» WORK TO BE COMPLETED
The response must consist of the lines below from the one with "nähere Informationen. |" through the one with "Boucles d'oreilles percées", exactly as they appear and with both ends kept.

» DATA FOR REVIEW
━━━━━━━━
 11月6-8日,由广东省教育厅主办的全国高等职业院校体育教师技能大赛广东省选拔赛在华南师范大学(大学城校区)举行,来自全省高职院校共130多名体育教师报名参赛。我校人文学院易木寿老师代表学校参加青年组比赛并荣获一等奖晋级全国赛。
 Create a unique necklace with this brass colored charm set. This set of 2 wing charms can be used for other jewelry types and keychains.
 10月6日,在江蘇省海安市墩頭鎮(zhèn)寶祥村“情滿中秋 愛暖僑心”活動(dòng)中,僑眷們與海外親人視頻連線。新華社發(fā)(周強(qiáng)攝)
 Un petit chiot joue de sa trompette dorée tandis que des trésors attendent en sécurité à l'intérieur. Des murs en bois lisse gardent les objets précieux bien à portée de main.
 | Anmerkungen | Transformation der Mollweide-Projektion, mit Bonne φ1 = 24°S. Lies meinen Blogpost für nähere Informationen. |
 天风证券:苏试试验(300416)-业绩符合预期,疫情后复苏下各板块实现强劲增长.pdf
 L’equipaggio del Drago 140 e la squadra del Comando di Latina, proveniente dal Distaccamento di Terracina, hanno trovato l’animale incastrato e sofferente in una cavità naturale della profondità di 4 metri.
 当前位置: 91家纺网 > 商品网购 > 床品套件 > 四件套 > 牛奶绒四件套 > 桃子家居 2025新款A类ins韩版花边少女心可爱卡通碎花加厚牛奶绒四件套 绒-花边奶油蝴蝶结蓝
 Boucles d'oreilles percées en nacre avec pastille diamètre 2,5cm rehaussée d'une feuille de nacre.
━━━━━━━━
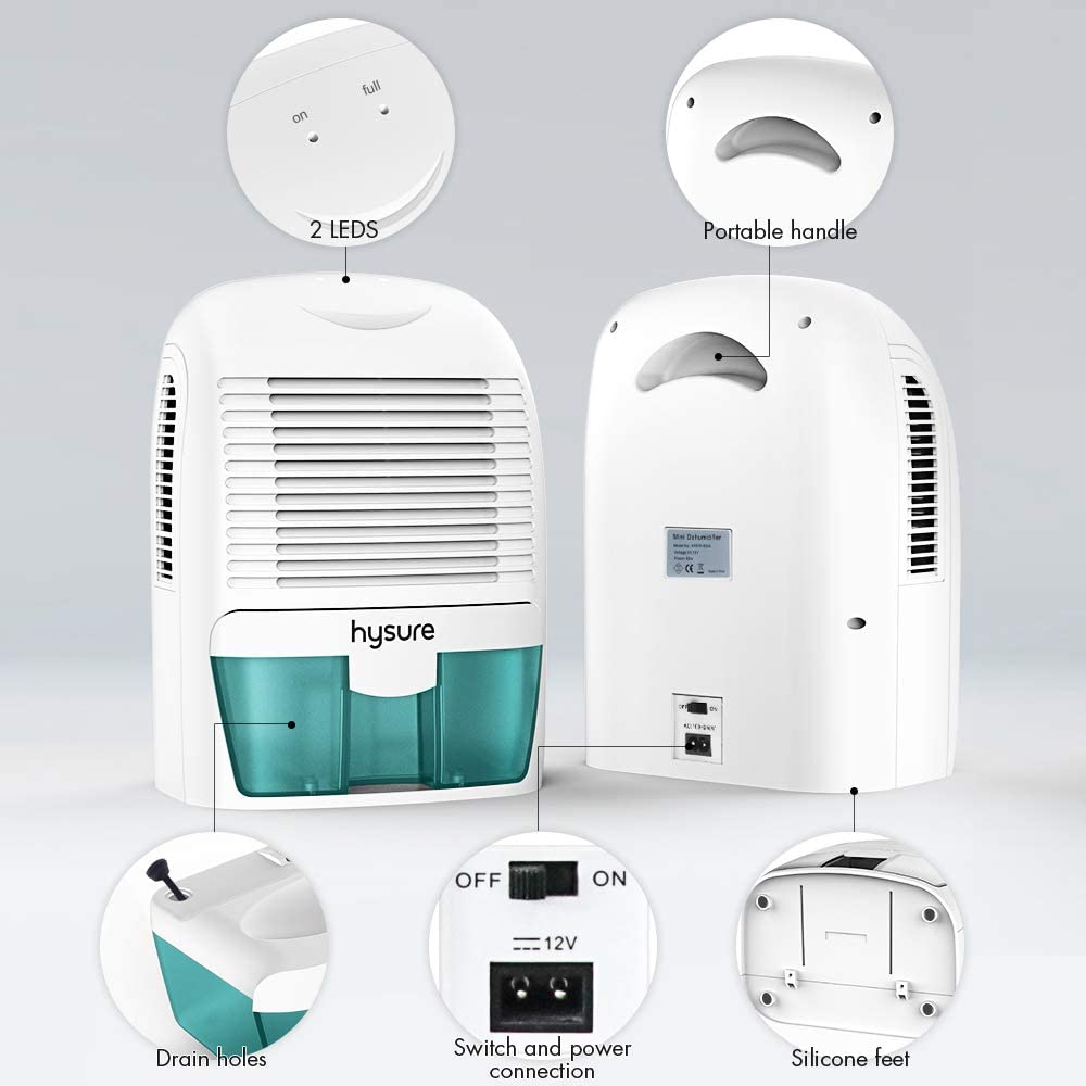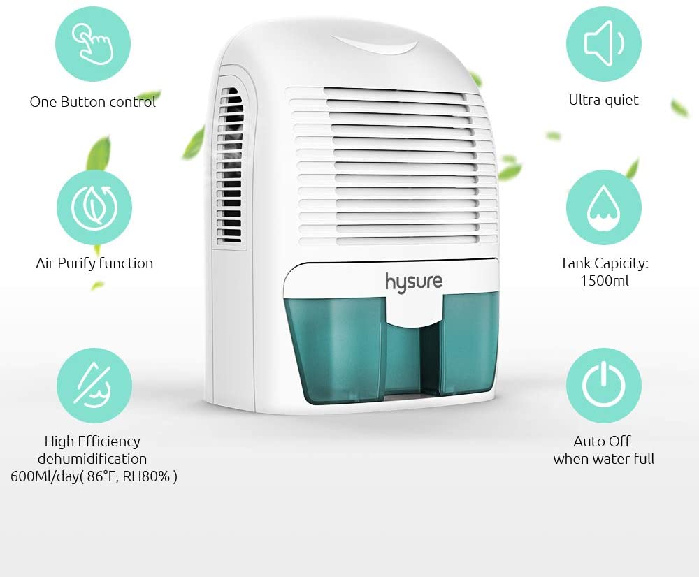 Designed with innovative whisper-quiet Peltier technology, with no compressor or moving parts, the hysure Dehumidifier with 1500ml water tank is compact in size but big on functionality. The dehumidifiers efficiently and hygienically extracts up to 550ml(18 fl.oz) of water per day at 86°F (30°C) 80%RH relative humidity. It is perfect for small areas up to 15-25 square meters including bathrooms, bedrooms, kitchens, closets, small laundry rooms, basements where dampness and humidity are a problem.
━━━━━━━━
» FINISHED TASK
 | Anmerkungen | Transformation der Mollweide-Projektion, mit Bonne φ1 = 24°S. Lies meinen Blogpost für nähere Informationen. |
 天风证券:苏试试验(300416)-业绩符合预期,疫情后复苏下各板块实现强劲增长.pdf
 L’equipaggio del Drago 140 e la squadra del Comando di Latina, proveniente dal Distaccamento di Terracina, hanno trovato l’animale incastrato e sofferente in una cavità naturale della profondità di 4 metri.
 当前位置: 91家纺网 > 商品网购 > 床品套件 > 四件套 > 牛奶绒四件套 > 桃子家居 2025新款A类ins韩版花边少女心可爱卡通碎花加厚牛奶绒四件套 绒-花边奶油蝴蝶结蓝
 Boucles d'oreilles percées en nacre avec pastille diamètre 2,5cm rehaussée d'une feuille de nacre.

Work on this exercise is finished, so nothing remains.